Data items:
========

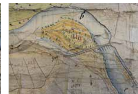
Výřez z raabizační mapy Toušeně, detail zadního mostu přes hlavní rameno řeky
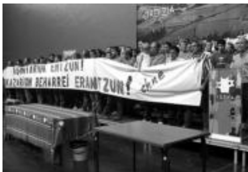
Ordiziako pilotalekuan burutu zuen kontzentrazioa EHNEK. HITZA

Lehen sektorerako laguntzak eskatzeko kontzentrazioa egin zuen EHNE sindikatuak
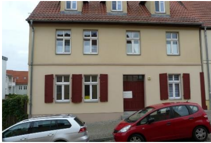
Abbildung 1: Front

Anschrift: Neue Bergstr. 14, 16259 Bad Freienwalde
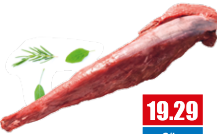
2311 ❄️ Uruguay Rinderfilet 3/4 lbs ohne Kette, einzelnd vac. im Ursprung gereift
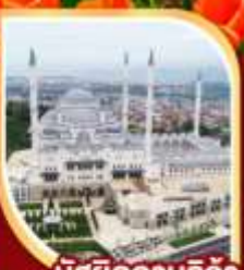
มัสยิดคามลิก้า
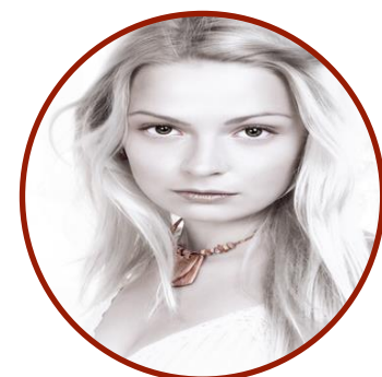
Бледность кожи и слизистых
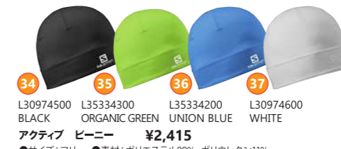
34 L30974500 BLACK 35 L35334300 ORGANIC GREEN 36 L35334200 UNION BLUE 37 L30974600 WHITE アクティブ ビーニー ¥2,415 ●サイズ:フリー ●素材:ポリエステル89%、ポリウレタン11%
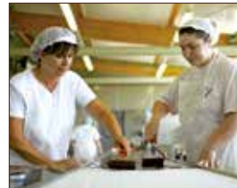
Zotter Schokoladenmanufaktur ca. 42 km | Fahrtzeit: 50 Min.
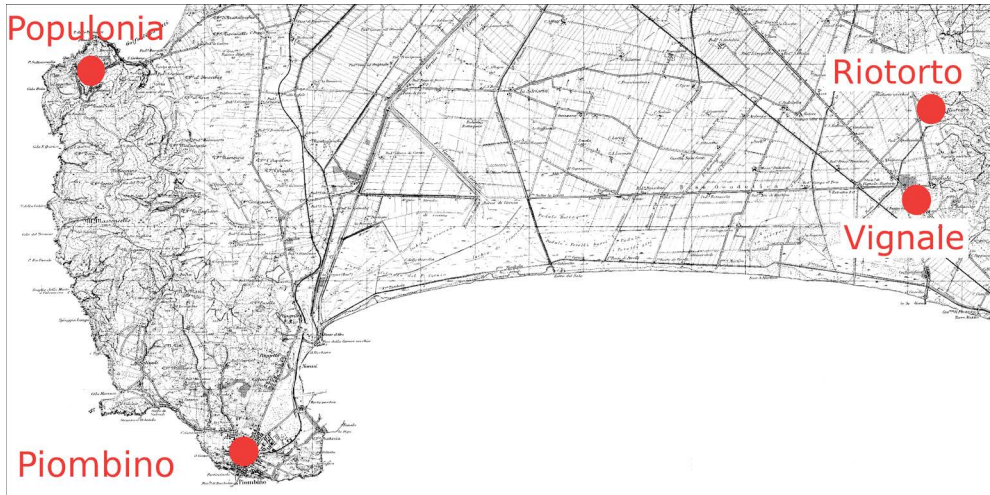
Fig. 1. Lo scenario geografico del progetto “Uomini e cose a Vignale”
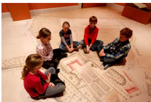
Salle de la baronnie
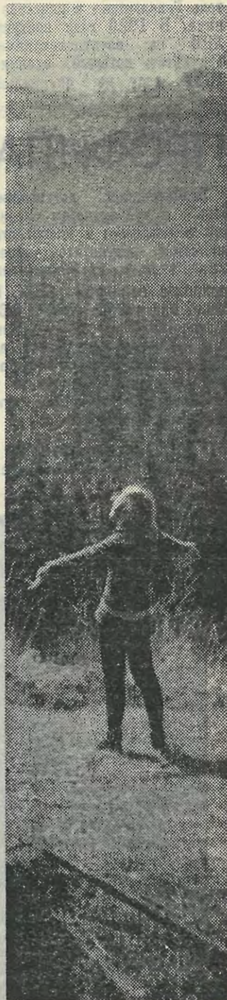
Вот она формула бесконечности.
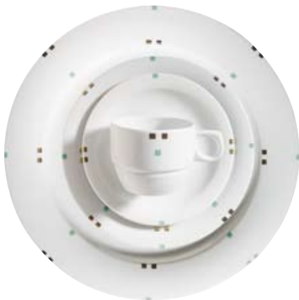
413390 Castino Weiß
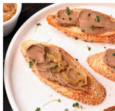
Паштет из куриной печени с луковым мармеладом .....55
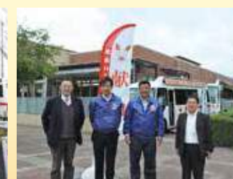
4月14日。宮崎大学で献血活動。
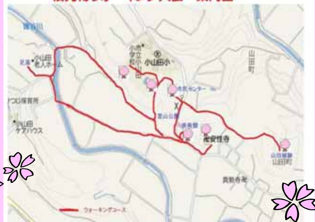
桜見物ウォーキング大会 案内図
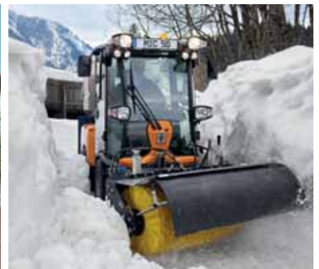
MIC 50, Frontkehrmaschine
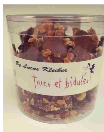
Les Trucs et Bidules (300g)
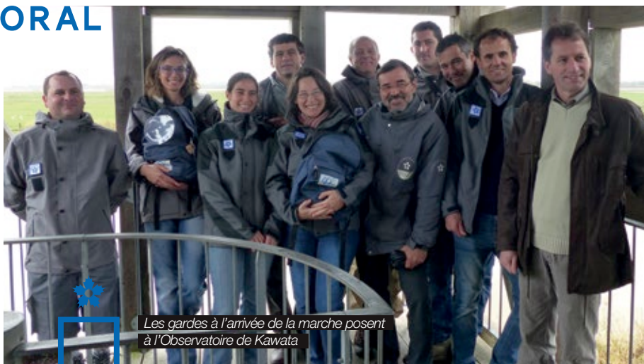
Les gardes à l'arrivée de la marche posent à l'Observatoire de Kawata

“ Cette marche est représentative de la bonne dynamique du réseau des gardes du littoral. Le carnet de terrain est une mine d'or : dessins, écrits, photos... Nous allons en faire des reproductions car il faut que ce carnet voyage ! ”
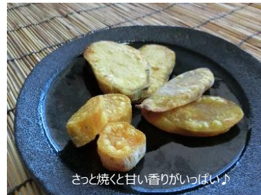
さっと焼くと甘い香りがいっぱい♪
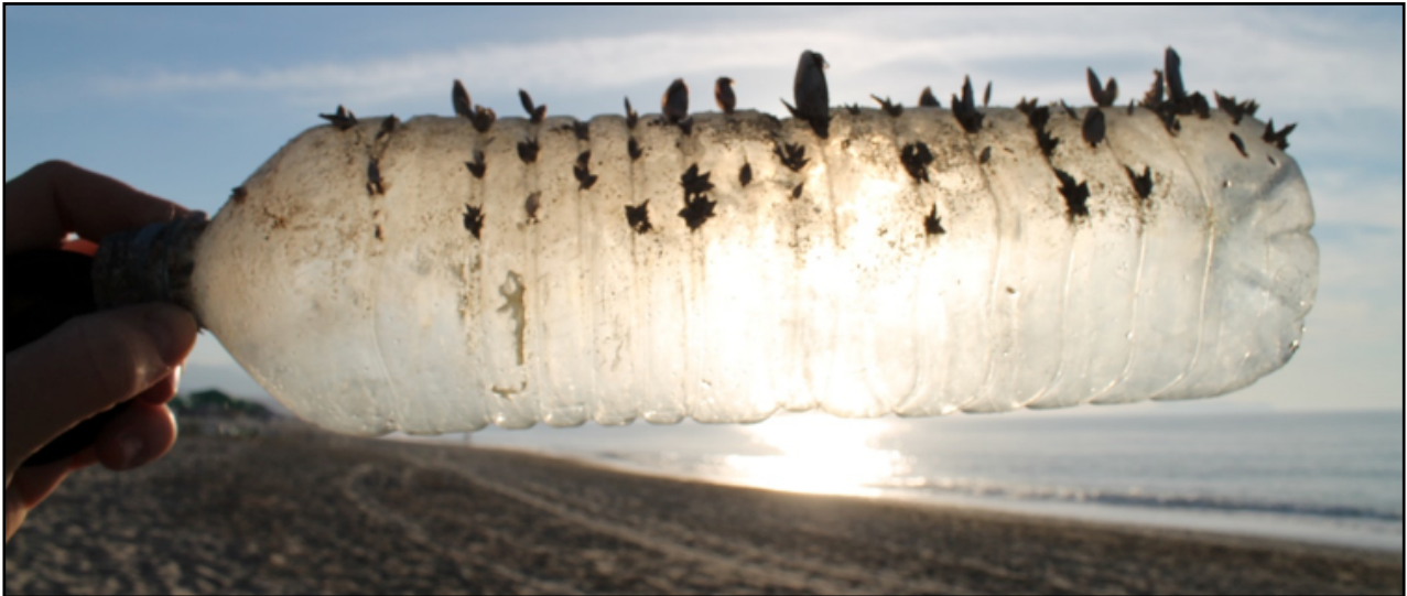
I år der det registrert en økning i antall drikkeflasker og korker funnet på Strandryddedagen. (Foto: Hold Norge rent).

Det er en svak nedgang i funn av plastposer og tau over 50 cm sammenlignet med tidligere år.
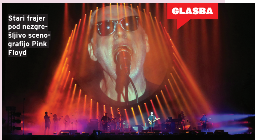
Stari frajer pod nezgrehljivo scenografijo Pink Floyd
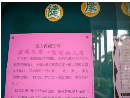
健康櫥窗宣導視力保健的重要
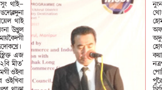
পোকুফম নিউজ সার্বিস ইফ্যাল, মে ১৮ঃ মণিপূৰ মীয়াম অমসুং থাই-লেন্দগী মরুতা অচেংপা মরী হায়না লেঙদেঙদুনা মিনিস্তর কাউন্সিলর (কমার্শিয়াল) ৱোয়েল থাই এগ্ৰেসি, নিউ দিল্লী থাৱাদোল থোক্কনবা উখুল দিল্লিত্ত তুরিজম চাওখংহন্নবা মত্ৰ মীয়ামকগী পাংবা য়াৰা মতেঙ পাংগনি হায়না ফেঙদোকপা।

লৈফম চাফমগী খুদোংচাদবা কয়াদা মীয়ামা নুনবাংবা পোকুৱিবা অসিগী মতাঙদা থাৱাদোল থোক্কনবা হায়খি, থাইলেন্দপা লৈবা মহাকী হোম তামন কেশমইদা চহী ৩০ ৱোমগী মমাঙদা অকবা হোতেল অমসু লৈফম চাফম লৈরমদে। অদুৰ মীয়ামা তুরিজম ইন্ডুস্ত্ৰী থায় য়াওনা কৰা হোংনবদগী কেশমইদা ভঁসিদি ফাইব স্তাৰ হোতেল কৰা হাংদোকপা। উখুলগী ওইনসু লগী-থোং ফতে নগ্ৰাগী লৈফম চাফম মৰাঙ কয়াদে হায়বগী নুনবাংবা পোকুৱিঙাই ওইদে। শুপ্ৰগী মখৌ অরিবদি লেজৰিবা পুন্নিং অসি শীজিল্লদুনা লমকৌইবশিং পুন্নিং চি শিনবগা হোংনবা অদুনি।
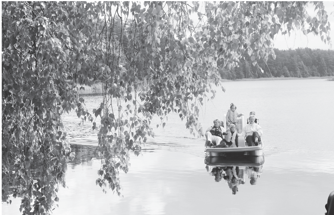
▲ По тихой глади озера Свято
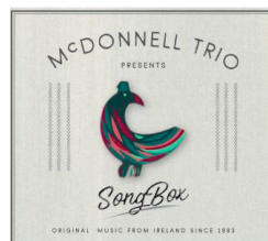
Song Box (2018) L'Autre Distribution
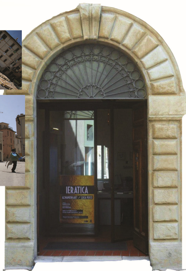
Ingresso di Palazzo Lucarini
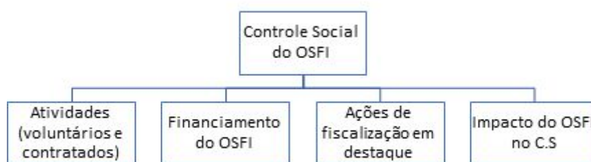
Figura 3 – Categoria e subcategorias do bloco 3.

A figura a seguir demonstra a segunda categoria construída para análise de dados textuais dos entrevistados no bloco 3. Como categoria central está o Controle Social do OSFI, com suas subcategorias: atividades (voluntários e contratados), financiamento do OSFI, ações de fiscalização em destaque, ou seja, as mais citadas pelos entrevistados, e o impacto do OSFI no controle social.
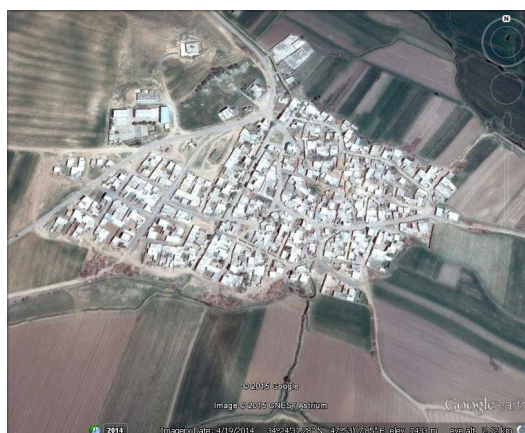
ت 4. نقشه شهرستان دهلر.
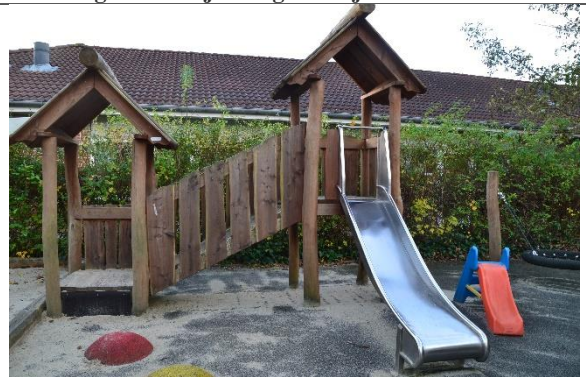
Redskab: Klatrestativ med rutsjebane Årgang: 2018 Producent: Hags Er redskabet mærket: Ja Er der registreret fejl/mangler: Ja
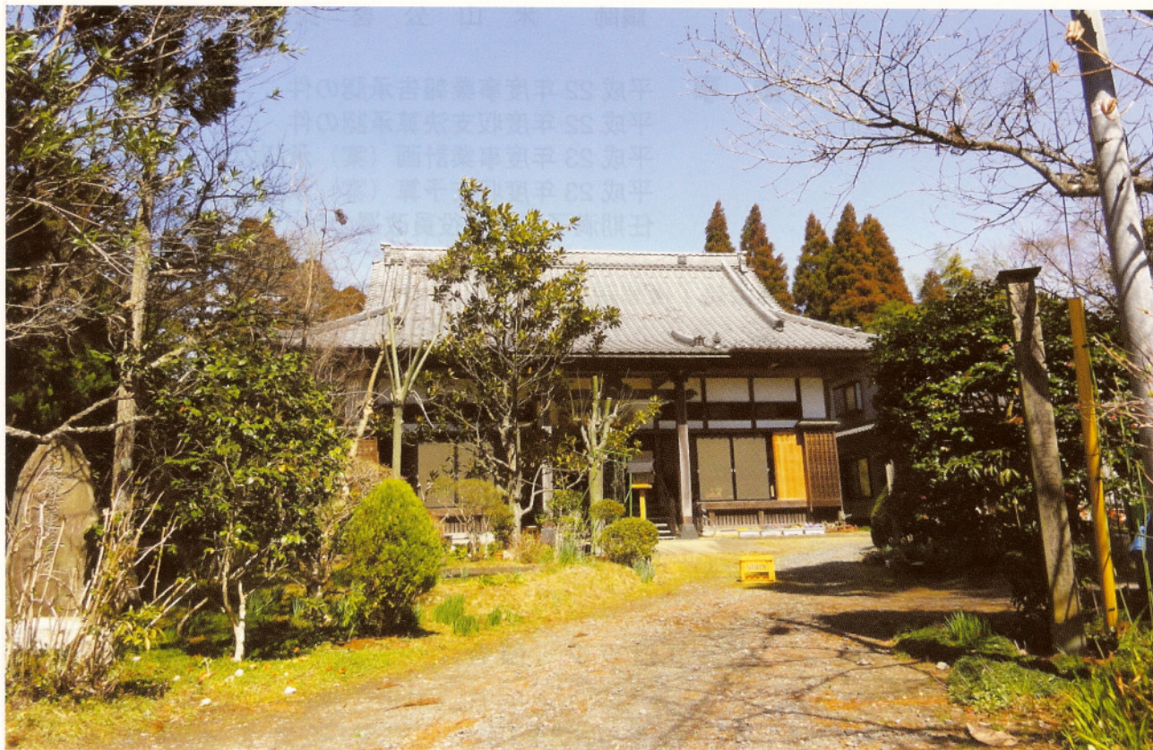
日蓮宗 高勝山長徳寺（旧山武町）

========

The answer is the run of lines from the one with "Redskab: Klatrestativ med" through the final line of the data, copied exactly, and nothing else; no pictures.

Redskab: Klatrestativ med rutsjebane Årgang: 2018 Producent: Hags Er redskabet mærket: Ja Er der registreret fejl/mangler: Ja
日蓮宗 高勝山長徳寺（旧山武町）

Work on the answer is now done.